Lens: Voigtlander color-skopar 35mm f2.5
Camera: NEX-7, ISO100, f5.6, 1/800, raw
Back in the old days, today. We relaxed at home in the morning, than a couple of Italian friends which now lives in Madrid came and visited us. After lunch we all moved to the first of the “10 years of the ACT” events, a barbecue on a lake near Leiden, where all the ex ACT members and their families are invited.
The ACT, which stays for Advanced Concepts Team, has been my most important school in science. I arrived there as a stagier, in 2006, to work on “liquid ventilation and water immersion for human acceleration sustainability”. Space exploration was my dream job when I was a kid in high-school. I actually wanted to study astrophysics, from which I was talked out by a famous physicist, who suggested me to go for aerospace engineering instead. I couldn’t bear all the topics on engines which that course included (I am still almost completely ignorant when it comes to engines), so I ended up signing up for computer engineering, just to change course one year later for biomedical engineering. I was so happy when, at the end of my studies, I could yet find a job in the space sector.
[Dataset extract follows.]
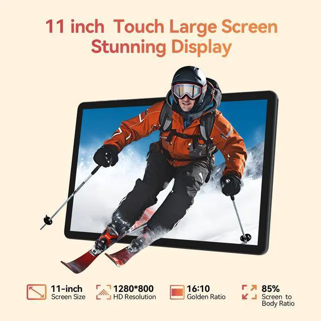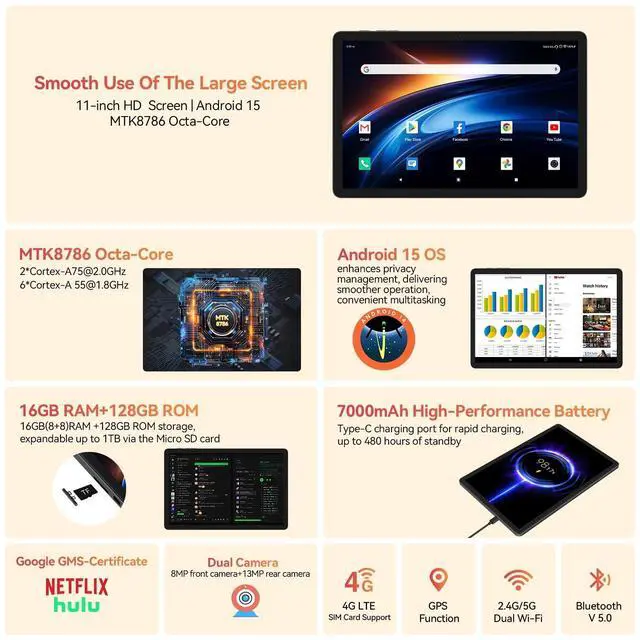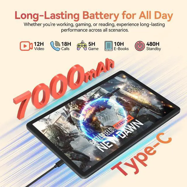 ^^ Long-Lasting 7000mAh Battery for All-Day UseThis 11-inch tablet powered by a high-capacity 7000mAh battery, this tablet provides up to 7-8 hours of continuous use on a single charge (actual usage may vary). Recharging is quick and convenient via the modern Type-C port. This reliable battery life makes it the perfect companion for extended activities like commuting, traveling, reading, watching movies, binge-watching your favorite shows, or listening to music. ^^ Dual Cameras & Immersive Dual SpeakersThis Android 15 tablet build-in a clear 8MP front cam and a 13MP rear camera, whether for video calls or photos, you can effortlessly take clear and detailed images.

After the internship I won a position as young graduate trainee on bioengineering, during which I studied how to apply brain-machine interfaces to space applications. It payed me off with a book published with Elsevier on my topic of study and the incredible experience of microgravity on a three days parabolic flight.
But more than anything else, those two years introduced me to the most amazing people I ever met. And every time I have the luck to be back and I happen to meet the new ACT members, they’re always incredible people. More than anything else in the world I would like to come back here and work, forever, in the group. Unfortunately, it is almost impossible. Only two staff members have the honor to coordinate the bunch of crazy research fellows, YGTs and stagers that compose the ACT, and becoming one of them is more difficult than winning 50M€ with the lottery.
So, the daily pic is about the current ACT crew, all packed in an almost-sinking rusty boat, an incredible group of weird brainiacs, sailing from the barbecue back to Leiden through the Dutch canals…leaving us behind, again.